Molecular Dynamics Study of Complex Dopant Electrolyte Nd_(2-x)Ho_xZr_2O_7: Structure, Conductivity, and Thermal Expansion

摘要

Nd_(2-x)Ho_xZr_2O_7 is an ionic conductor for solid oxide fuel cell electrolytes. Temperature and dopant composition are two main factors that affect ionic conductivity of these groups of materials. Accordingly, Nd_(2-x)Ho_xZr_2O_7 was studied in a wide range of temperature, 1,173-1,873 K, and dopant composition, x = 0.0-2.0, by molecular dynamics simulation. Arrhenius plots of ionic conductivity in region of low temperature declared that the maximum occurred at composition x = 0.6 (H_6).

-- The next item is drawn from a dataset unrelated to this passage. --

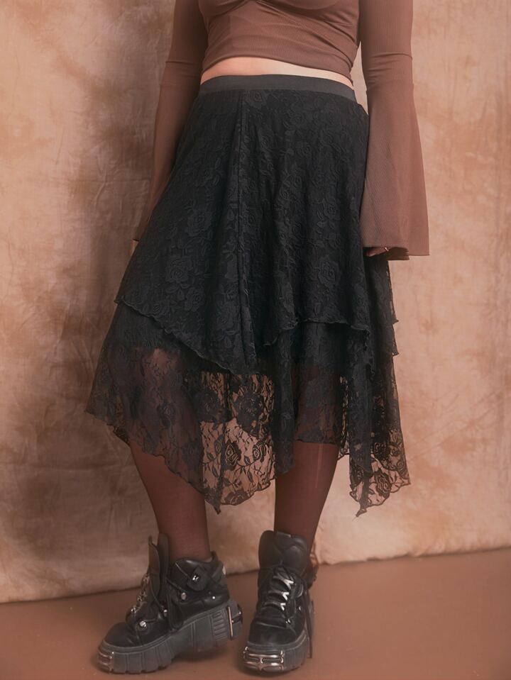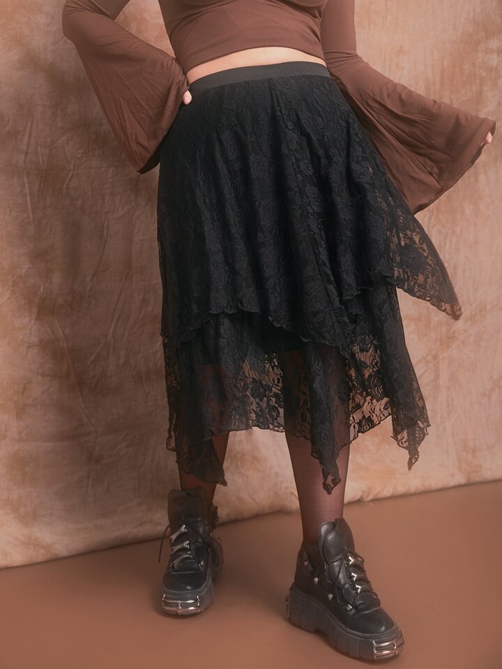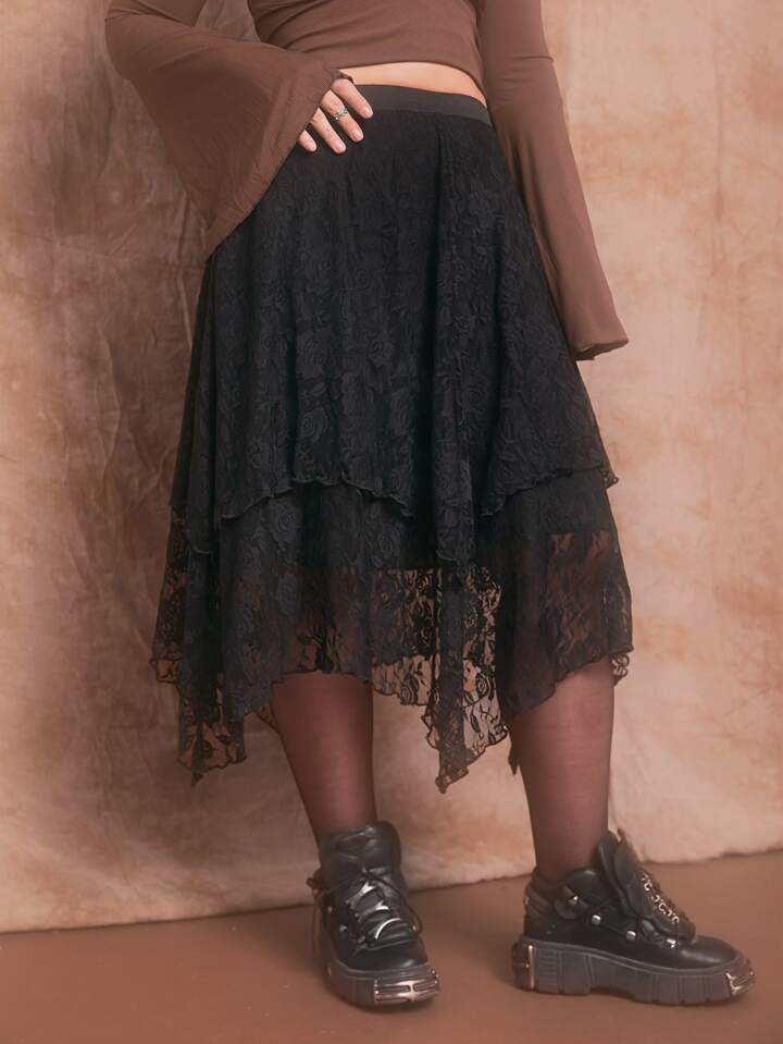 Fairycore Plus Asymmetrical Hem Lace Skirt

Surprisingly, it was observed that complexity of dopant improved ionic conductivity of the electrolyte. Moreover, radial distribution function confirmed this result. Two types of anions were observed in the electrolyte, which were dynamic oxygen ions (DOIs) and static oxygen ions (SOIs). Mean square displacement (MSD) of DOIs was higher than SOIs and enhanced oxygen ionic conductivity. Migration barrier of Nd_(2-x)Ho_xZr_2O_7 varied from 0.68 to 1.22 eV that was in the range of a good solid oxide electrolyte. Nd_(1.2)Gd_(0.8)Zr_2O_7 (G8) and Y_(0.2)Zr_(0.9)O_(2.1) (Y2) were simulated and their results of simulations were compared with H_6. Order of ionic conductivity at low temperatures was H6 > Y2 > G8. Another important factor of electrolyte is thermal expansion. Thermal expansion of Nd_(2-x)Ho_xZr_2O_7 was around a constant value in the studied temperature range.